An in-house ‘digital factory’ oversees the applications designed to enhance user experience. It is a standalone unit serviced by the group’s operational managers and support services, to develop new programmes and applications to help improve processes and information reporting.

The new unit taps into new types of OCP collaborators with specialised skillsets in new technologies such as programming, design and data management.

The ‘factory’ hopes to attract younger personnel, computer scientists and millennial engineers who want to change the world but are also seeking the flexibility to experiment with diverse disciplines and projects without hierarchical structures stifling their creativity.

Vertical distribution of new technologies

The shift from digitalisation has required OCP staff to undergo training programmes. They have developed a training programme within a ‘digital academy’, hosted at the Mohammed VI Polytechnic university, which itself is fully funded by the mining and agriculture giant.

The university, with its focus on academic research and training, is located in the mining city of Benguerir, 80 kilometres from Marrakech. The ongoing training is partly to bring the middle management up to speed on the digital opportunity and capabilities, but also to train technicians and operators within the production line.

OCP is currently developing a pilot project in the Benguerir mine, which involves a complete overhaul of the processes through the automation of a fleet of vehicles associated with production, and the sensors for tool wear and tear and production.

Once the mine is automated, the operating technician’s role will be drastically altered. His new function will be to interpret the data from automated systems and to supervise and check maintenance programmes are consistent, as well as respond to any malfunctions.

As well as the Benguerir mine, the group also intends to automate production at the Jorf Lasfar II chemical production unit, in order to experiment with the chemical side of operations. The idea behind it is to create standards before digitalising all its production lines.
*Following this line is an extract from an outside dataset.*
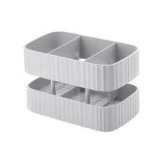 Pratique et compact, cet organisateur d’évier peut accueillir les principaux flacons de liquide vaisselle, une éponge, une brosse et un tampon à récurer. Il permet d’accrocher et de sécher l’éponge. Facile à nettoyer, il passe au lave-vaisselle et se démonte en trois pièces.

The challenge of horizontal integration

The ultimate goal for OCP is optimising production in a way that aligns with the demands of its clients, and develops the ability to anticipate these demands. This requires a significant investment of resources in bringing all the different positions within the group into alignment.

After the current phase, in which digital solutions are being vertically integrated into the different production sectors, new methods of collaboration using horizontal digital services will be needed. To facilitate this long process, OCP’s ‘digital office’ is counting on long-term collaboration with TEAL, the joint venture between OCP and IBM, which will have a special role in supporting OCP’s digitalisation strategy.

For this purpose, OCP has installed a certain number of secure network infrastructures externally, which are crucial to maintaining the volume of digital services.

TEAL, which already has 150 employees, will benefit from these facilities for its development and will become the exclusive service provider for the IBM account in Morocco, with the longterm aim of creating its own portfolio of institutional clients on the continent.

Creating a long-term ecosystem

In addition to its close ties with its joint venture, OCP continues to have discussions with all the important operators in the different technological sectors to ensure its digitalisation process is successful, whether it be with Siemens, Jacobs or Thyssenkrupp – industrial collaborations that have existed for years.

The idea is for OCP to set global benchmarks for operational standards in the mining industry which challenge those of international competitors who have launched their own digitisation blueprints.

What makes OCP unique in its journey towards digitalisation is that it is including an ecosystem that is even broader than the company itself, whether it is downstream with the Mohammed VI Polytechnic University, which will capitalise on the teaching side of this industrial digitalisation, or upstream via the creation of digital schools in various mining territories owned by the group, with young people as their target audience.